Environmental variables are printed to the log in the python script at various points in the process. Below are the values of these environmental variables on each node before the LightningModule and LightningDataModule objects are initiated (ie. the display_environment("__main__") call in the script above).

Node 1

__main__:
----------------------------------------
PL_GLOBAL_SEED = 102938
PL_SEED_WORKERS = 1
MASTER_ADDR = 127.0.0.1
MASTER_ADDRESS = 
MASTER_PORT = 38581
RANK = 
NODE_RANK = 0
LOCAL_RANK = 1
GLOBAL_RANK = 
WORLD_SIZE = 2
NCCL_SOCKET_IFNAME = eth0
OMPI_COMM_WORLD_RANK = 0
OMPI_COMM_WORLD_LOCAL_RANK = 0
OMPI_COMM_WORLD_SIZE = 3
OMPI_COMM_WORLD_LOCAL_SIZE = 1
----------------------------------------

Node 2

__main__:
----------------------------------------
PL_GLOBAL_SEED = 102938
PL_SEED_WORKERS = 1
MASTER_ADDR = 127.0.0.1
MASTER_ADDRESS = 
MASTER_PORT = 57987
RANK = 
NODE_RANK = 0
LOCAL_RANK = 1
GLOBAL_RANK = 
WORLD_SIZE = 2
NCCL_SOCKET_IFNAME = eth0
OMPI_COMM_WORLD_RANK = 1
OMPI_COMM_WORLD_LOCAL_RANK = 0
OMPI_COMM_WORLD_SIZE = 3
OMPI_COMM_WORLD_LOCAL_SIZE = 1
----------------------------------------

Node 3

__main__:
----------------------------------------
PL_GLOBAL_SEED = 102938
PL_SEED_WORKERS = 1
MASTER_ADDR = 127.0.0.1
MASTER_ADDRESS = 
MASTER_PORT = 46819
RANK = 
NODE_RANK = 0
LOCAL_RANK = 1
GLOBAL_RANK = 
WORLD_SIZE = 2
NCCL_SOCKET_IFNAME = eth0
OMPI_COMM_WORLD_RANK = 2
OMPI_COMM_WORLD_LOCAL_RANK = 0
OMPI_COMM_WORLD_SIZE = 3
OMPI_COMM_WORLD_LOCAL_SIZE = 1
----------------------------------------

cc @borda @awaelchli @rohitgr7 @akihironitta @justusschock @kaushikb11 @ananthsub @carmocca @edward-io @kamil-kaczmarek @Raalsky @Blaizzy

About this issue

Original URL
State: closed
Created 2 years ago
Comments: 24 (11 by maintainers)

Most upvoted comments

I did some more experimentation and discovered that while environmental variable configuration is needed for running with an MPIConfiguration that no environmental variable adjustments are needed when using a PytorchConfiguration. Additionally, an error regarding MKL requires an environmental variable adjustment when I used MPI, but I didn’t have this issue with PytorchConfiguration.

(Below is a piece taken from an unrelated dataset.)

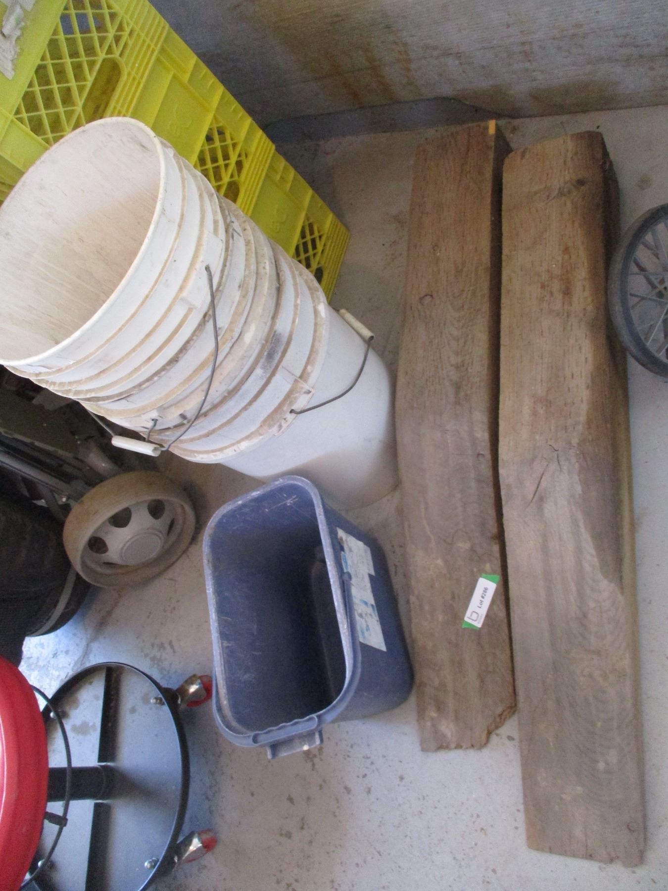 (4) 5 Gallons Pails, Wooden Car Ramps

I ended up configuring my scripts so that I could run jobs with either MPIConfiguration (with necessary adjustments) or PytorchConfiguration. I haven’t tested this extensively but runtimes seem to be comparable between configurations. These updated scripts and info on my environment are below (run python submit_job.py to submit the job on the Azure cluster). Also note that although the script is now configured for strategy="deepspeed_stage_3" that I also tested strategy="ddp" (and switched out the FusedAdam optimizer for torch.optim.AdamW).

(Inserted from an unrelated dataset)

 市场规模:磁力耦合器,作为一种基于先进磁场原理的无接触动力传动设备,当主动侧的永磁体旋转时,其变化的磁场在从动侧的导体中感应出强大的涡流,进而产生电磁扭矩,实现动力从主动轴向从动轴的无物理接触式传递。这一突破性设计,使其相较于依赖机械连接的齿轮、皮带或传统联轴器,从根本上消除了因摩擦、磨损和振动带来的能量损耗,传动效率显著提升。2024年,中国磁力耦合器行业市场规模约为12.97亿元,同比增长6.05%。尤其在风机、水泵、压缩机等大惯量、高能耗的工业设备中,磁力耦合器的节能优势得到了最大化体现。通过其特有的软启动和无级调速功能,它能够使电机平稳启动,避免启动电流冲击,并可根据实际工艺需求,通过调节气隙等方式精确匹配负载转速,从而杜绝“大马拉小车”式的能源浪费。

Also, for reference here are the environmental variables for the first and last process on a 2 node, 2 gpu per node run with PytorchConfiguration. Note that RANK is now set where it was not with the MPIConfiguration.

Driver 0

__main__:
----------------------------------------
PL_GLOBAL_SEED = 102938
PL_SEED_WORKERS = 1
AZ_BATCH_MASTER_NODE = 10.0.0.4:6000
AZ_BATCHAI_MPI_MASTER_NODE = 
MASTER_ADDR = 10.0.0.4
MASTER_ADDRESS = 
MASTER_PORT = 6105
RANK = 0
NODE_RANK = 0
LOCAL_RANK = 0
GLOBAL_RANK = 
WORLD_SIZE = 4
NCCL_SOCKET_IFNAME = eth0
OMPI_COMM_WORLD_RANK = 
OMPI_COMM_WORLD_LOCAL_RANK = 
OMPI_COMM_WORLD_SIZE = 
OMPI_COMM_WORLD_LOCAL_SIZE = 
----------------------------------------

Driver 3

__main__:
----------------------------------------
PL_GLOBAL_SEED = 102938
PL_SEED_WORKERS = 1
AZ_BATCH_MASTER_NODE = 10.0.0.4:6000
AZ_BATCHAI_MPI_MASTER_NODE = 
MASTER_ADDR = 10.0.0.4
MASTER_ADDRESS = 
MASTER_PORT = 6105
RANK = 3
NODE_RANK = 1
LOCAL_RANK = 1
GLOBAL_RANK = 
WORLD_SIZE = 4
NCCL_SOCKET_IFNAME = eth0
OMPI_COMM_WORLD_RANK = 
OMPI_COMM_WORLD_LOCAL_RANK = 
OMPI_COMM_WORLD_SIZE = 
OMPI_COMM_WORLD_LOCAL_SIZE = 
----------------------------------------

Scripts

submit_job.py

import os
from azureml.core.runconfig import PyTorchConfiguration, MpiConfiguration
from azureml.core import Environment, Workspace, ScriptRunConfig, Experiment
from azureml.core.authentication import ServicePrincipalAuthentication

# ----------------------------------------------------------------------------------------

experiment_name = "myExperiments"
environment_name = "YourAzureEnvironmentName"
cluster_name="YourClusterName"
node_count=2
devices=2 # number of gpus per node
environment_version=None
run_config="pytorch"
script_name="train.py"

# -----------------------------------------------------------------------------------------

# fix for https://github.com/pytorch/pytorch/issues/37377 (only needed for MPIConfiguration)
if run_config=='mpi':
    env_settings="MKL_THREADING_LAYER='GNU'"
else:
    env_settings=""

command="; ".join([
    "conda env list",
    "python -m pip freeze",
    "wget -N https://raw.githubusercontent.com/Lightning-AI/lightning/master/requirements/collect_env_details.py",
    "python collect_env_details.py",
    f"{env_settings} python {script_name} --num_nodes={node_count} --devices={devices} --run_config={run_config}"
])

print(command)
###################

ws = Workspace.get(
    name="XXXXXXXX",
    resource_group="XXXXXXX",
    subscription_id=os.environ["XXXXXXXX"],
    auth= ServicePrincipalAuthentication(
            tenant_id=os.environ.get("XXXXXXXXXXXX"),
            service_principal_id=os.environ.get("XXXXXXXXX"),
            service_principal_password=os.environ.get("XXXXXXXX")
        )
    )

compute_target=ws.compute_targets[cluster_name]

env = Environment.get(
    workspace = ws,
    name = environment_name,
    version = environment_version
    )

print(env)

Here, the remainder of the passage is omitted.